U.S. stock markets opened the morning fairly quietly today as investors await the minutes from the June meeting of the Federal Open Market Committee, where they hope to find clues as to what changes, if any, the Fed could make to its bond-purchasing program in the near future. As of 10:45 a.m. EDT, the Dow Jones Industrial Average (Dow Jones Indices:.DJI) were down 19 points, while the S&P 500 and the Nasdaq were also flat. Despite nervousness about what the Fed might say, U.S. investors seem to remain optimistic about the domestic economy’s prospects, and today’s economic releases show a big rise in sales at the wholesale level combined with a large drawdown in inventories, supporting the bullish thesis.
Increasingly, though, we’ve seen different stories from the U.S. versus international markets. In Europe today, stock markets were generally lower as investors reacted to the S&P downgrade of Italy’s sovereign-debt rating to “BBB,” the second-lowest investment-grade rating. Meanwhile, China’s economy has suffered some troubling news recently. A 3.1% drop in exports surprised economists expecting a 4% rise and marked the emerging-market economy’s worst export figure in nearly four years. Add that to yesterday’s news that China’s inflation rate rose to 2.7% in June, and it’s uncertain that the country will be able to foster economic growth without stoking further price rises.
That disparity isn’t necessarily playing itself out in share price movements today, but you can see the signs of its impact by looking at the moves global companies have made lately. Caterpillar Inc. (NYSE:CAT) has seen its stock struggle all year as the level of construction and infrastructure-building activity in China has been under pressure. But improving conditions in its domestic market show promise for the heavy-equipment maker, as homebuilders and contractors have been slow to replace equipment and therefore have pent-up demand.
Similarly, McDonald’s Corporation (NYSE:MCD) has benefited from global growth for a long time, but lately it has turned its attention back to its U.S. customers. With the April launch of its Premium McWrap, McDonald’s is trying to tap into the move among consumers toward healthier food offerings. Ironically, McDonald’s was early in identifying the healthy-food trend when it started acquiring what would eventually become a majority stake in Chipotle Mexican Grill, Inc. (NYSE:CMG) in the late 1990s. Chipotle has obviously gone on to great success by providing a limited menu of high-quality food items. Yet with McDonald’s having spun off its stake in Chipotle in 2006, its success in the domestic market relies on its namesake restaurants, and trying to bolster U.S. growth is a natural consequence of sluggishness in other markets.

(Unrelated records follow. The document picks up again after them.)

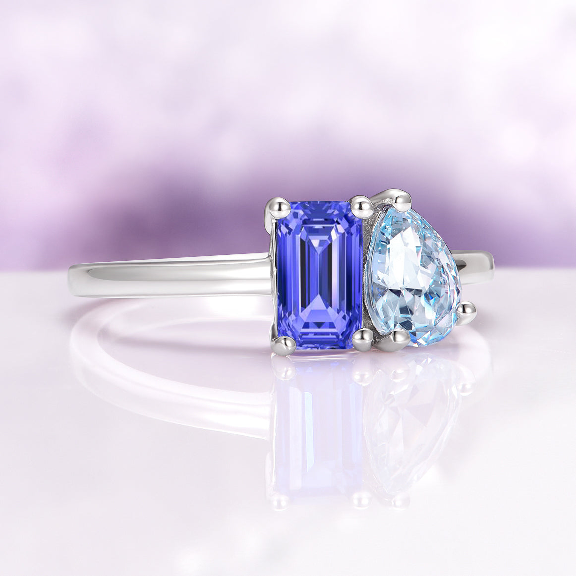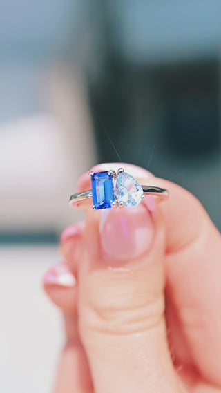 ► Blue/Purple Sapphire & Aquamarine Ring – Featuring a lab-grown 4x7mm emerald cut sapphire paired with a natural 5x7mm pear cut aquamarine. The deep blue sapphire represents loyalty, wisdom, and devotion, while the aquamarine embodies tranquility, harmony, and clarity.
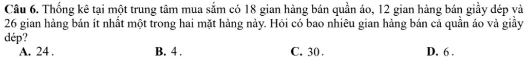 Ta có: Gọi A là số gian hàng bán quần áo=> n(A)=18
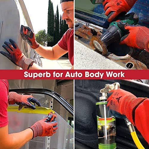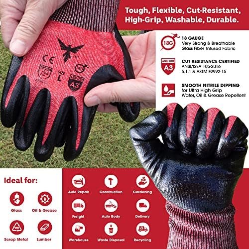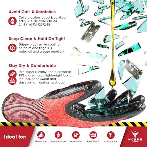 STOP REPLACING FLIMSY WORK GLOVES; these are durable and reliable working gloves for men and women alike. Perfect for automotive as mechanics gloves, compact gardening gloves, landscaping; warehouse work and more. Comes as one pair or in bulk pack; these nitrile coated cut resistant gloves are oil resistant and cut proof making them perfect for most jobs. Very high hand mobility thanks to the advanced G18 glass fiber weave – thinner, lighter and stronger than regular womens or mens work gloves
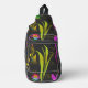 Cheerful and colorful floral pattern with abstract and botanical elements on horizontal striped background. Dark grey color.

Clearly, some global companies are less dependent on relative economic conditions. Exxon Mobil Corporation (NYSE:XOM), for instance, relies on global energy prices for its profits, and those prices respond to the combined impact of global growth trends, regardless of which countries are growing and which aren’t.

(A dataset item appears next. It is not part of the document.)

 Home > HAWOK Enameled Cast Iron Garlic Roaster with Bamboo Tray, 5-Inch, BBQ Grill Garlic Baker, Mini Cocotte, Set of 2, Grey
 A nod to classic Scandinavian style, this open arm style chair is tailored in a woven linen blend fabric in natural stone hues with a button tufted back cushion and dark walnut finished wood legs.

Investors should nevertheless keep their eyes on the entire global economy, rather than focusing simply on the U.S., as most of the Dow’s components get a lot of their revenue and profits from overseas. If the disparity across national economies continues, then multinationals could well underperform more U.S.-centered stocks going forward.
The article Are the Dow’s Global Giants at Risk? originally appeared on Fool.com and is written by Dan Caplinger.
Fool contributor Dan Caplinger has no position in any stocks mentioned. You can follow him on Twitter @DanCaplinger. The Motley Fool recommends Chipotle Mexican Grill and McDonald’s. The Motley Fool owns shares of Chipotle Mexican Grill and McDonald’s.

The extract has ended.